Brewbucket is a bargain, but note there is no bottom tap. It is equiped to draw off beer abive sediments after fermentation, but not to drain trub before fermentation.


----------



## glenwal (2/10/15)

yankinoz said:


> Brewbucket is a bargain, but note there is no bottom tap. It is equiped to draw off beer abive sediments after fermentation, but not to drain trub before fermentation.


Might be a really dumb question, but how do you have trub that needs draining before fermenting?


----------



## ken_gilchrist (29/2/16)

Has anyone purchased and used one of these yet? I seen they are on a sale ATM and I am very keen if it will fit in my brew fridge. I was looking at the SS brew bucket too but I do like the idea of being able to dump yeast and trub.


----------



## sp0rk (29/2/16)

They've got a kickstarter going right now, but it's only half way to the target with 4 days to go
Don't know whether to go in on the kickstarter or not, I'm hoping they'd honour the prices for the participants?


----------



## welly2 (29/2/16)

sp0rk said:


> They've got a kickstarter going right now, but it's only half way to the target with 4 days to go
> Don't know whether to go in on the kickstarter or not, I'm hoping they'd honour the prices for the participants?


I did ask them a question on their facebook page about what the deal would be if the kickstarter wasn't successful (not looking like it will be) and they said they'd still be producing them but just not at the same price.

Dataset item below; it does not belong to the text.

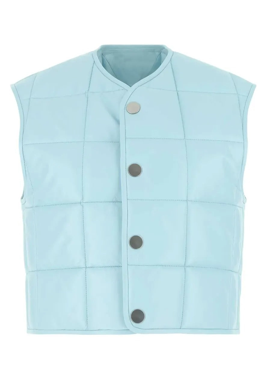 Women's Quilted Light Blue Leather Vest – Trendy & Elegant

My concern that if the price is much higher than the kickstarter price then for the little extra, it would probably be worth going for a SS Brewtech Chronical. The $350 price that it currently stands at is really as much as I'd pay for a plastic fermenter, and I realise it's a very well specced plastic fermenter.


----------



## sp0rk (29/2/16)

Yeah, I'd be jumping in on the 60L, but I don't want to have to transfer money in and out of my debit account if it's not going to go ahead


----------



## welly2 (29/2/16)

sp0rk said:


> Yeah, I'd be jumping in on the 60L, but I don't want to have to transfer money in and out of my debit account if it's not going to go ahead


They only debit your account if it's successful. You don't pay anything up front.


----------



## Wimmig (29/2/16)

Fourstar said:


> this would be my choice for the price.
> 
> http://www.fullpint.com.au/the-brewbucket-stainless-fermenter/


Yessssssss! I absolutely love this product and the price is pretty much spot on!


----------



## welly2 (5/3/16)

Well, it was successful! They raised $53k. I did actually support it so looks like I'm getting one of these.


----------



## yankinoz (20/3/16)

Fourstar said:


> this would be my choice for the price.
> 
> http://www.fullpint.com.au/the-brewbucket-stainless-fermenter/


I haven't used a conical, but am interested. I see one possible advantage of the Malt Mechanics. The MM has a bottom tap. No more whirlpooling or filtering wort going into the fermenter. Dump, let trub settle, drain out the bottom, pitch. Has anyone done this?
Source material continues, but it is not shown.